La crisis económica, de la cual no hemos todavía salido, agrió y acentuó nuestros problemas, favoreciendo una intolerable y creciente desigualdad que azota nuestra sociedad de manera continuamente más devastadora. Debemos definir claramente los principios de nuestra próxima actuación en favor de sus exigencias: competitividad, que significa educación e investigación; solidaridad en el reparto del producto nacional; derechos sociales inalienables. Si no avanzamos decididamente en la solución de la situación que sufrimos, esta nos llevará a la ruptura de la sociedad con los excesos que la desesperación conlleva.

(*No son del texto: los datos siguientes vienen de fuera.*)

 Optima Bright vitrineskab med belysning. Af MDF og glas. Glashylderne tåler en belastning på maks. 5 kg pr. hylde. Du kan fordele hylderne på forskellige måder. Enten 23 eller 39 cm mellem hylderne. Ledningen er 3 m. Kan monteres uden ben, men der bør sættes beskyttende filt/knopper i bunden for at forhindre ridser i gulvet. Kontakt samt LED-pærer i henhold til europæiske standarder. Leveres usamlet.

El funcionamiento de nuestra democracia está fundamentado, muy particularmente, en la existencia de los partidos políticos y por lo tanto en la política. Constituye una verdadera urgencia realizar las necesarias reformas para contrarrestar el divorcio entre los ciudadanos y los políticos. Para ello no valen medidas cosméticas sino reglas firmes que condicionen la práctica política, al mismo tiempo que garanticen el respeto del ciudadano, del elector, lo que hoy no se da en absoluto. La corrupción debe erradicarse prioritariamente, es el más escandaloso de los actuales defectos de nuestra vida política, pero no el único. El sistema de representación de los ciudadanos, en los poderes nacionales, autonómicos o municipales y por lo tanto la transmisión de su opinión, es una matrícula en la cual hoy suspendemos.

Pertenecemos a Europa, lo afirmamos continuamente, pero lo vivimos como si fuera una autoridad superior pero ajena. Nuestro renacer económico de finales del siglo pasado se articuló con un indiscutible protagonismo nuestro en la política europea. Debemos revitalizar nuestra presencia en ella, ayudar en la solución de sus problemas y hacerla progresar. La alternativa es asistir inermes al deterioro de la más bella idea política de los últimos cien años.

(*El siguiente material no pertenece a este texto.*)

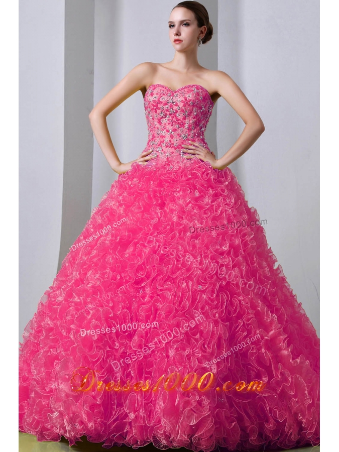 2014 Pretty Beading Quinceanea Dress in Hot Pink Princess withRuffles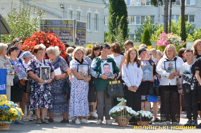 Напередодні Дня пам’яті захисників України, який відзначають 29 серпня, на Театральному майдані в Луцьку згадали всіх полеглих на російсько-українській війні воїнів, які віддали життя за свободу та незалежність нашої держави, починаючи з 2014 року. До традиційного заходу «Час не лікує» долучилися понад сотня сімей військових із Волині. Матері, дружини, сестри, доньки та сини, онуки прийшли з портретами своїх найрідніших.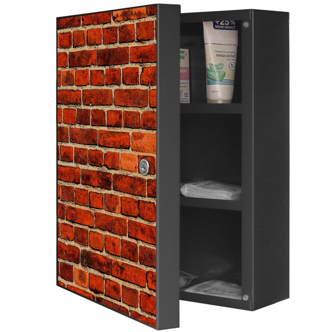 Der Medizinschrank ist gesamt 35x46x15cm groß und wiegt ca. 3900g. Der Türanschlag ist links und kann nicht verändert werden, die Fronttür öffnet ca. 115°. Die Folierung befindet sich auf der Front. Das Gehäuse ist zeitlos anthrazit und aus Stahl gefertigt. Die innenliegenden Fächer haben verschiedene Größen für unterschiedliche Aufbewahrungsmöglichkeiten, in der Innentür können ebenfalls Dinge abgelegt werden. Befestigt wird der Medizinschrank an 4 Stellen auf der Rückseite, Sie erhalten 3 Schlüssel.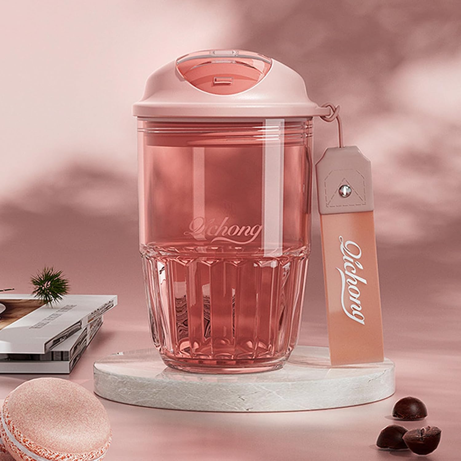 - [Product Features ] 1. This stylish coffee cup features a simple lid design and a straight drinking spout. Very easy to drink coffee or water. 2. Transparent and clean cup body, with a capacity of 14oz, just enough to drink a cup of coffee every day and enjoy a comfortable life. 3. The unique water ripple TRITAN cup body is small and easy to grasp with one hand. 4. Seal the cup lid and swing it freely without leakage.

No se puede olvidar un problema fundamental de nuestro país, condicionante de nuestro porvenir económico y social: el declive demográfico. Nuestros gobiernos, salvo algunas medidas poco estudiadas y siempre improvisadas, nunca tuvieron una política de apoyo a la natalidad. Hoy España es, estadísticamente, un país condenado a un envejecimiento letal. De no alterar tal rumbo no cabrá otra salida que la inmigración masiva, con los problemas que conlleva.

Es por lo tanto esencial proponer a nuestra sociedad un nuevo proyecto global de país y no una sucesión de medidas puntuales. Pero esto no será posible si mantenemos nuestros comportamientos actuales. Porque queda un problema sin cuya solución nada será posible; la convivencia ciudadana. Ya es evidente que el sistema bipartidista no tiene perspectivas, y quizá sea mejor así. Debemos promover una nueva forma de relaciones constituidas más por discusiones dialogantes que enfrentamientos, colaboración de ideas, ciertamente resuelta por el voto mayoritario, pero manteniendo el respeto hacia el discrepante. En una palabra no podemos vivir el futuro de nuestra democracia con la única perspectiva de una posible mayoría absoluta que condicione una lucha descarnada y continua por ella, ya no es posible, sino como la gestión de una patria común en base al consenso. Lo logramos una vez, y así alcanzamos a la vez la gobernabilidad y el progreso. Lo hemos olvidado y despreciado a lo largo de los años. Se nos impone nuevamente, con la misma absoluta premura que hace casi cuarenta años.

Entonces España recuperó, por fin, el camino de la Historia. Hoy nos estamos apartando de él. A él debemos volver. Urge.